:: Problem to work on ::
Leaving out pictures, output exactly the lines below from the one that has "Flowers and Swirls Blue" through the one that has "Above results verify", and nothing else.

:: Provided information ::
^^^^
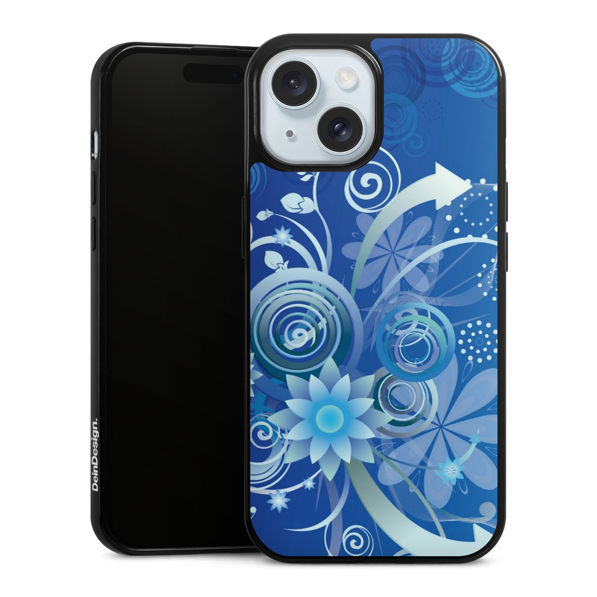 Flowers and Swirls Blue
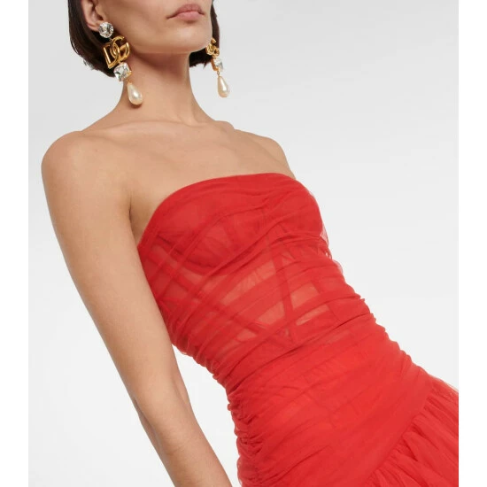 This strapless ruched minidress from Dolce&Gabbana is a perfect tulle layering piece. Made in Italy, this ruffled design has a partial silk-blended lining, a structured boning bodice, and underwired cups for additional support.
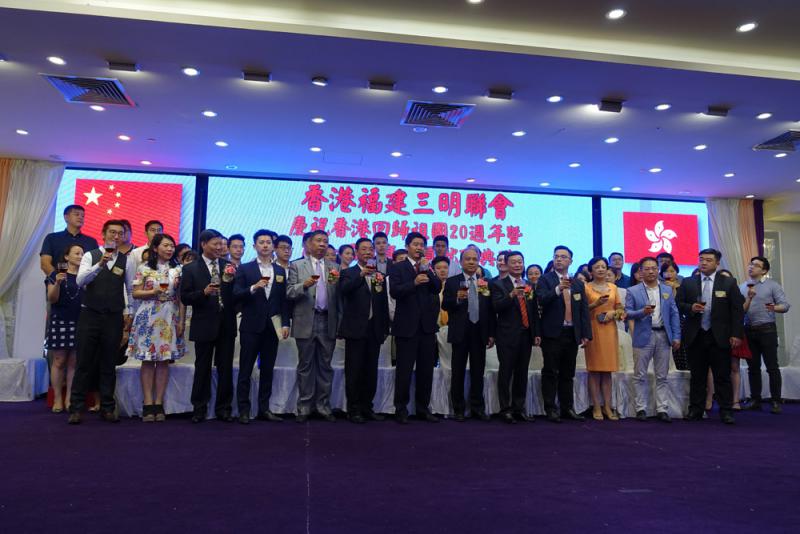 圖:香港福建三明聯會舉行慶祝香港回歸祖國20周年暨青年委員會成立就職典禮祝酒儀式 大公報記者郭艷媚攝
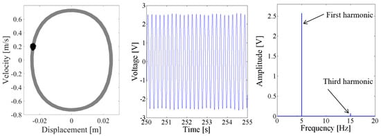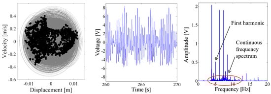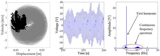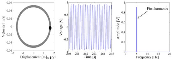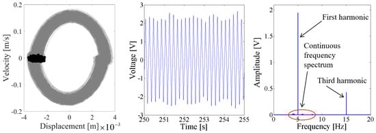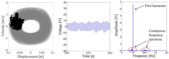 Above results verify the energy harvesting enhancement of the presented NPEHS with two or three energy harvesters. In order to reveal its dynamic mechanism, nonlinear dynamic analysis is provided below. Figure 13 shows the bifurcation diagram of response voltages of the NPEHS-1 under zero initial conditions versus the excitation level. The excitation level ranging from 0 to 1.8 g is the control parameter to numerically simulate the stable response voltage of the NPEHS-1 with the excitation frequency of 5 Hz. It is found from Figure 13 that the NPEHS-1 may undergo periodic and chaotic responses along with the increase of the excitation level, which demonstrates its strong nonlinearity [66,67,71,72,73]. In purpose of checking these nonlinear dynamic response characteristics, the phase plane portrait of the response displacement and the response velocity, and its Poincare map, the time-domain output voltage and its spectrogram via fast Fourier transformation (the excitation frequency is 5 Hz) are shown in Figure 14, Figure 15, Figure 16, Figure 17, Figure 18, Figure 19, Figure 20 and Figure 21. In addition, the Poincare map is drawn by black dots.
^^^^
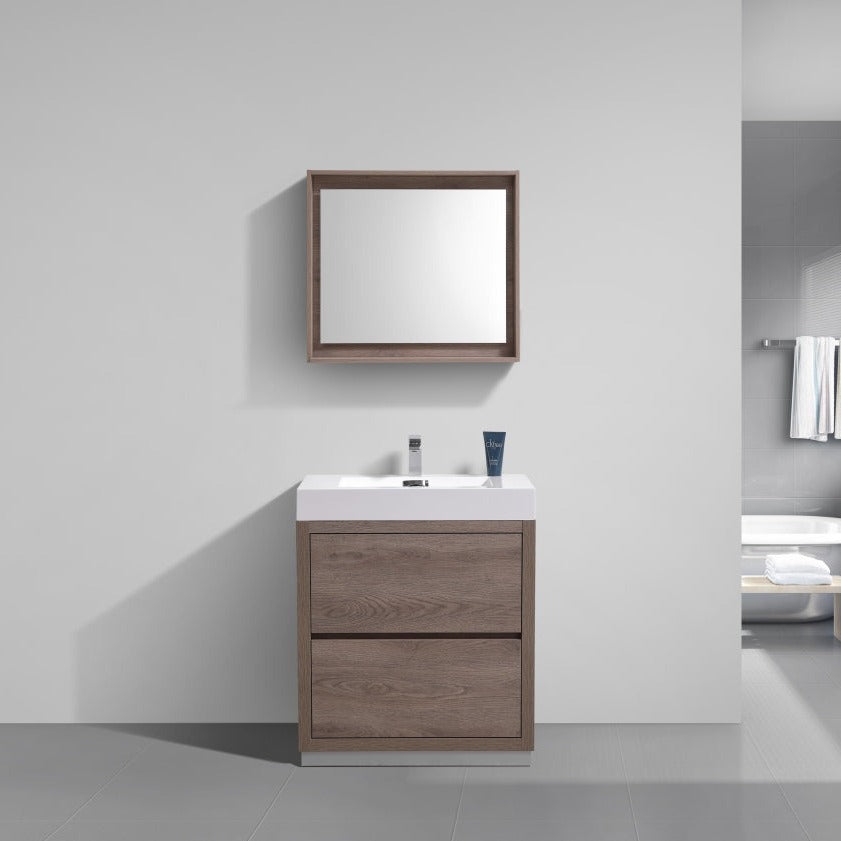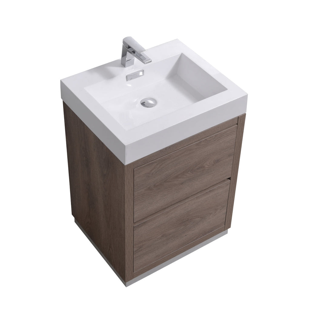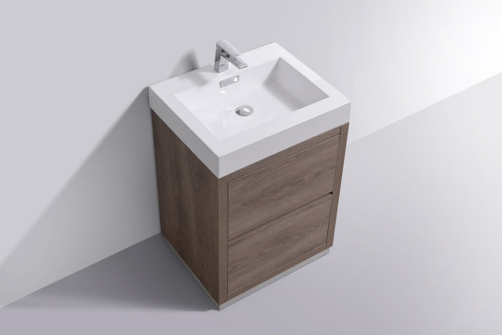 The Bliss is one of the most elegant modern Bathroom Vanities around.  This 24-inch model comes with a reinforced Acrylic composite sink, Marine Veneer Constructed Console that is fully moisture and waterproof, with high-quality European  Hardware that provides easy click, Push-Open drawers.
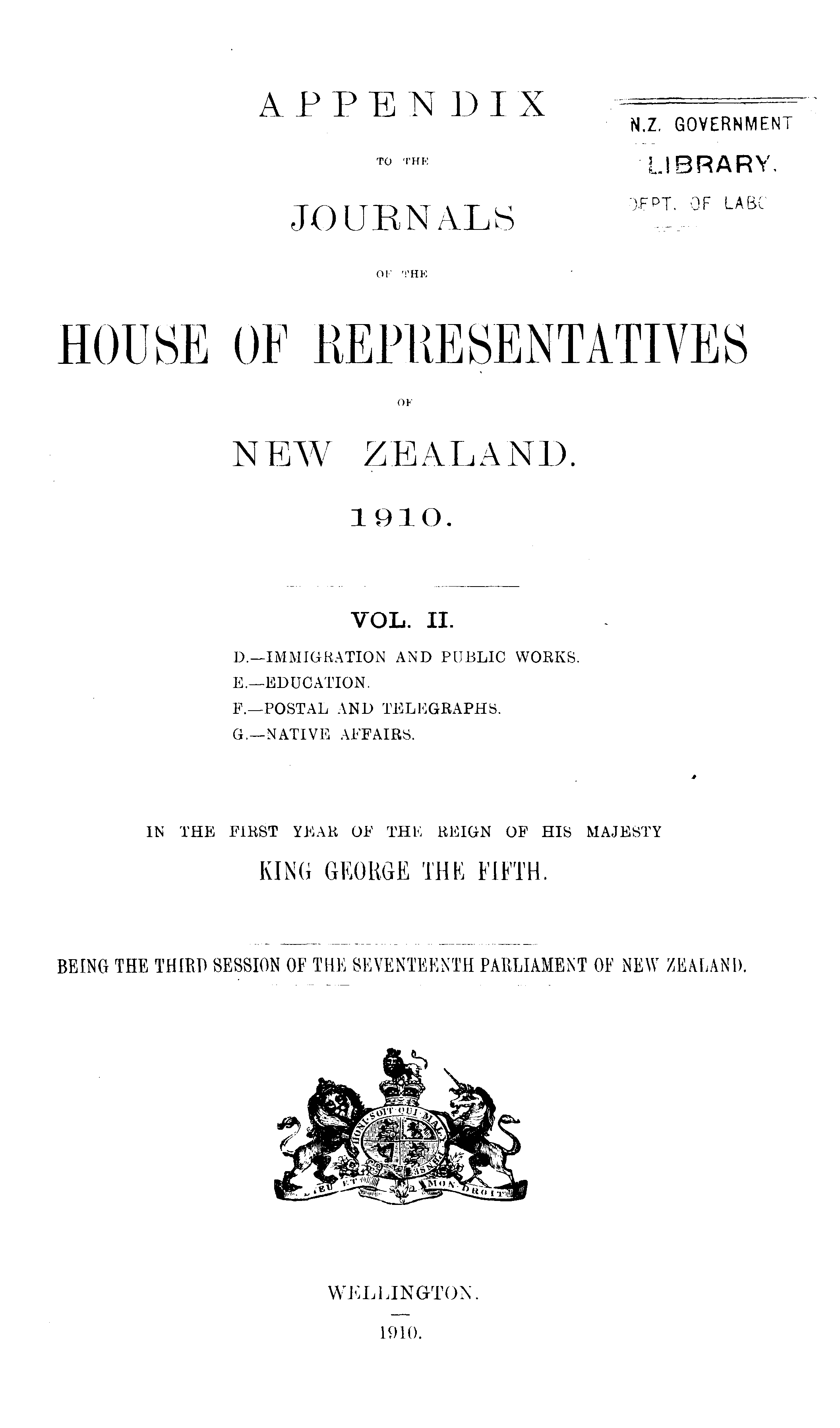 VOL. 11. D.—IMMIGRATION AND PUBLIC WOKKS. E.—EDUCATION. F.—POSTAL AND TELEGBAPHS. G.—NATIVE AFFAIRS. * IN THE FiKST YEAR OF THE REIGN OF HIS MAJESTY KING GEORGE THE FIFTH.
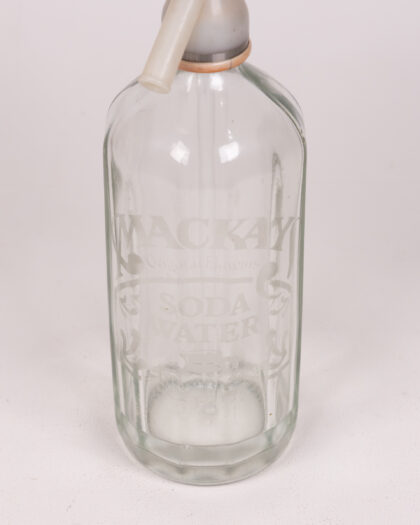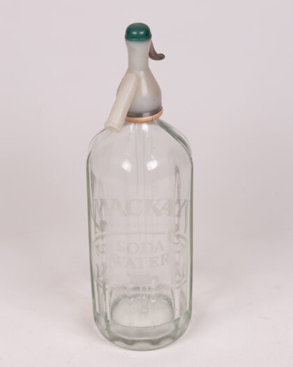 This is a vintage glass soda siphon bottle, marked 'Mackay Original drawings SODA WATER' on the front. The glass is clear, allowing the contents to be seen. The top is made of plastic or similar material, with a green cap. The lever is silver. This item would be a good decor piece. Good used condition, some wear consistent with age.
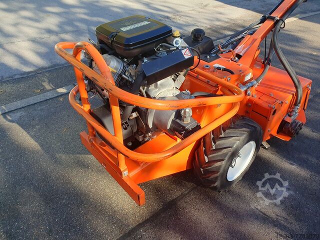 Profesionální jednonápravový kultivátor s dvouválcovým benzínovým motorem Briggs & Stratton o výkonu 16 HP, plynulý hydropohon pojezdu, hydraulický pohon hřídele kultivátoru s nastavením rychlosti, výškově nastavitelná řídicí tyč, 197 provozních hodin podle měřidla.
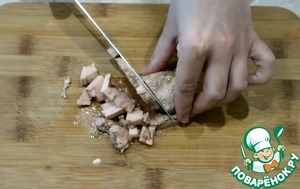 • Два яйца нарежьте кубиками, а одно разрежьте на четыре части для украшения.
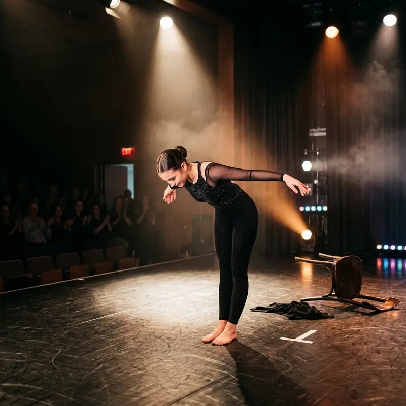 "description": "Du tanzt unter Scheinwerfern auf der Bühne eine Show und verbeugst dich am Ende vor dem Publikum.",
^^^^
:: Answer to the exercise ::
 Flowers and Swirls Blue
 This strapless ruched minidress from Dolce&Gabbana is a perfect tulle layering piece. Made in Italy, this ruffled design has a partial silk-blended lining, a structured boning bodice, and underwired cups for additional support.
 圖:香港福建三明聯會舉行慶祝香港回歸祖國20周年暨青年委員會成立就職典禮祝酒儀式 大公報記者郭艷媚攝
 Above results verify the energy harvesting enhancement of the presented NPEHS with two or three energy harvesters. In order to reveal its dynamic mechanism, nonlinear dynamic analysis is provided below. Figure 13 shows the bifurcation diagram of response voltages of the NPEHS-1 under zero initial conditions versus the excitation level. The excitation level ranging from 0 to 1.8 g is the control parameter to numerically simulate the stable response voltage of the NPEHS-1 with the excitation frequency of 5 Hz. It is found from Figure 13 that the NPEHS-1 may undergo periodic and chaotic responses along with the increase of the excitation level, which demonstrates its strong nonlinearity [66,67,71,72,73]. In purpose of checking these nonlinear dynamic response characteristics, the phase plane portrait of the response displacement and the response velocity, and its Poincare map, the time-domain output voltage and its spectrogram via fast Fourier transformation (the excitation frequency is 5 Hz) are shown in Figure 14, Figure 15, Figure 16, Figure 17, Figure 18, Figure 19, Figure 20 and Figure 21. In addition, the Poincare map is drawn by black dots.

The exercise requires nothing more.